Next, we outline the design experiment used to study how collective inferential reasoning, in terms of IM-GoGAR, can be orchestrated in a technology-enhanced learning environment.

Method

The project this article reports on was a design research project. Design experiments draw on theories and practices of teaching and learning for design decisions to solve specific needs grounded in teaching practice (diSessa & Cobb, 2004; Ruthven et al., 2009).

Participants and Data Collection

The research team consisted of two experienced mathematics teachers, Peter and Eric,Footnote 2 working in lower-secondary school, and two researchers, the authors of this article. This team designed the tasks, analysed the material and made changes during weekly project meetings. Peter taught a Grade 8 class (14–15-year-olds), and Eric taught a Grade 9 class (15–16-year-olds). They were the classes’ regular teachers and had extensive knowledge about the day-to-day work and the students’ previous mathematics experiences.
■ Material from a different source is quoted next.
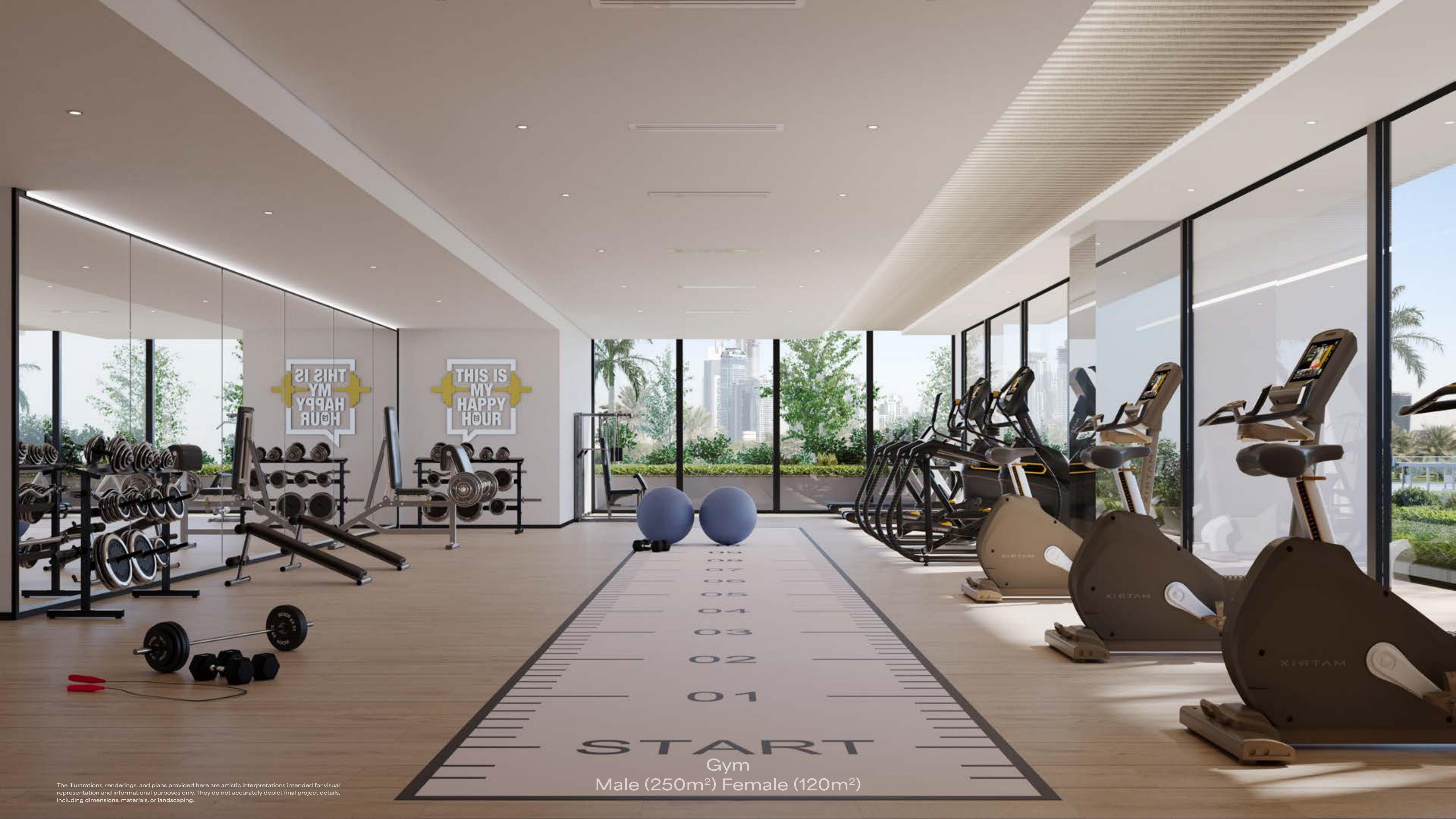
Gym Male (250m 2 ) Female (120m 2 )

The students in both classes had scant experience with pattern generalization, particularly in searching for and formulating a general expression for a pattern using n. The students had had some experience discussing mathematics in exploratory tasks. However, they were mainly accustomed to receiving teaching based on individual work from textbooks, accompanied by whole-class presentations led by their teacher. In the transcripts, teachers and students are anonymized. They were, however, informed that 100% anonymization could not be guaranteed because of the nature of the project and the official research team.

The data consists of video and audio recordings of classroom teaching and of audio recordings and written notes from project meetings. Each project meeting was a full day in length, and the discussions were recorded (audio only) except for the breaks. Three video-cameras were used during the lessons: one placed in the back of the classroom and a second one in front of the classroom to capture whole-class teaching. Two cameras were directed towards student-groups (one doubling as the back camera) to capture their work in between whole-class teaching and how technology was utilized by the groups. It resulted in a total of approximately 20 h of video material.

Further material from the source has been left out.